Kenyan manufacturers have won big as Parliament’s Finance and National Planning Committee strikes out several proposed levies from the Finance Bill 2024. 

In its report tabled yesterday in Parliament, the Committee conceded to nearly all the objections raised by manufacturers who had criticised the Bill as detrimental to the local manufacturing sector. 

This includes the removal of the proposed Eco Levy on diapers, tyres for motorcycles, bicycles, wheelchairs and Tuk Tuks. The Parliamentary committee also agreed to reduce the Eco Levy rate for certain finished goods. 

“The purpose of the Eco Levy is to help redress environmental damage and pollution caused by import of certain finished products into Kenya,” said the committee in its report. 

“The levy should only be applied on imported finished products to protect local manufacturers who are currently subjected to the Extended Producer Responsibility. In line with International best practices of the “polluter pays principle,” it is critical to ensure that the manufacturer of offending items contributes to financing the safe disposal of the products.” 

The National Treasury is however yet to produce a list of finished imported goods that will be exempt from the Eco Levy, meaning that Kenyan consumers could be in for a surprise once the tax comes into effect. 

There has also been concern that the imposition of the levy on some finished imported goods will still hurt Kenyan consumers since the country imports the majority of its goods and there is insufficient capacity for local industries to plug the deficit.  

Data from the Kenya National Bureau of Statistics indicates that Kenya’s imports stood at Sh906 billion in 2023. Top among commodities in the country's high import bill includes petroleum products, plastics, telecommunication equipment among others.

The Kenya Association of Manufacturers (KAM) last month cautioned that introduction of the Eco Levy on local industries would amount to double taxation and lead to an increase in the cost of doing business and the price that consumers pay for finished goods.   

“The Eco Levy will not only duplicate the existing Levy mandated under Extended Producer Responsibility Schemes, but it will also further reverse Kenya’s initiatives to create a circular economy to manage its waste and become a regional recycling hub,” said KAM in its submissions to Parliament. 

MPs also conceded to proposals to slap the Export and Investment Promotion Levy on articles of leather, imported footwear, denatured ethyl alcohol, ceramic sinks, and wash basins, amongst other products that come into the country, in a bid to shield the local manufacturing industry from unfair competition. 

The imposition of VAT on several manufactured goods including bread, diapers and sanitary towels has also been struck out following public outcry.
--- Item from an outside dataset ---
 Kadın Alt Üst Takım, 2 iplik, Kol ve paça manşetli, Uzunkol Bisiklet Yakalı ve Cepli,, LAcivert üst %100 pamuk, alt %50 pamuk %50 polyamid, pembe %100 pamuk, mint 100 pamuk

Parliament also removed a proposal to slap 25 per cent excise duty on vegetable oils, which KAM had cautioned would drive up the cost of cooking oil by up to 80 per cent.

The Finance committee also handed manufacturers several concessions in their perennial tussle with the Kenya Revenue Authority (KRA).  
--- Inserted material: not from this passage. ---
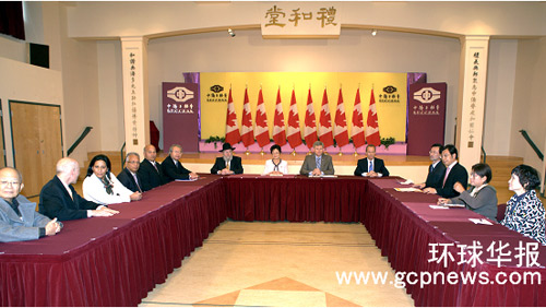 中新網(wǎng)10月14日電 據(jù)加拿大《環(huán)球華報(bào)》報(bào)道,加拿大總理哈珀(Stephen Harper)當(dāng)?shù)貢r(shí)間10月13日在聯(lián)邦國(guó)際貿(mào)易部長(zhǎng)戴國(guó)衛(wèi)(Stockwell Day)、華裔國(guó)會(huì)議員、多元文化國(guó)會(huì)秘書(shū)黃陳小萍的陪同下造訪總部位于溫哥華中僑互助會(huì),并與十多位少數(shù)族裔社區(qū)領(lǐng)袖舉行圓桌會(huì)議,聽(tīng)取社區(qū)意見(jiàn)。

This includes an extension of the deadline for remitting excise duty by manufacturers of alcoholic beverages from 24 hours to five working days.

Manufacturers had protested that the one-day moratorium by KRA had led to cash flow challenges particularly among small players.

Another major concession won by manufacturers is a provision to offset the costs of their raw materials that is subject to excise duty. 

Treasury had sought to remove this provision but manufacturers protested that removing it would increase the cost of raw materials and have a knock-on effect on the price paid by consumers.